> GIVEN INFORMATION:
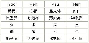 下面我列出Yod-Heh-Vau-Heh的对应表:
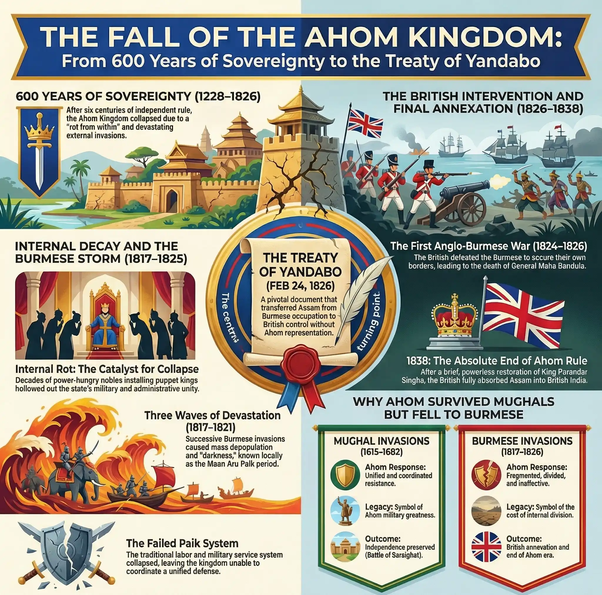 For Assam, the treaty meant that the Burmese occupation was over. But it did not mean freedom. The treaty did not restore the Ahom Kingdom. It transferred Assam from Burmese occupation to British control. The document that ended one foreign invasion simply confirmed the beginning of another.
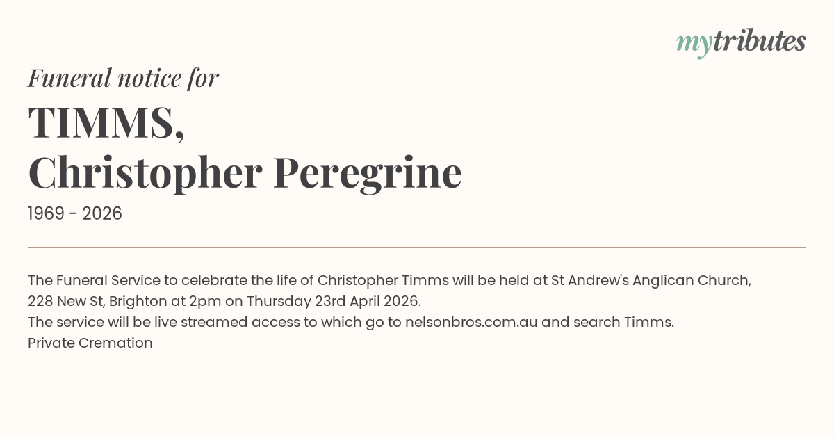 The Funeral Service to celebrate the life of Christopher Timms will be held at St Andrew's Anglican Church, 228 New St, Brighton at 2pm on Thursday 23rd April 2026.
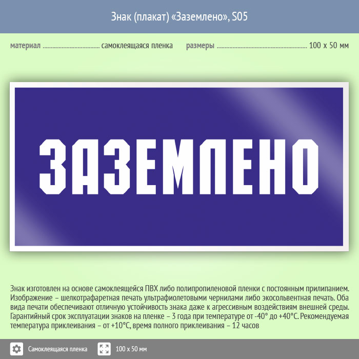 Знак (плакат) «Заземлено», S05 (пленка, 100х50 мм) в Бердске купить

> WORK ITEM: Beginning with the line that has "The Funeral Service", repeat each remaining line of the data above word for word, keeping pictures out.

> RESPONSE FOR THIS EXERCISE:
 The Funeral Service to celebrate the life of Christopher Timms will be held at St Andrew's Anglican Church, 228 New St, Brighton at 2pm on Thursday 23rd April 2026.
 Знак (плакат) «Заземлено», S05 (пленка, 100х50 мм) в Бердске купить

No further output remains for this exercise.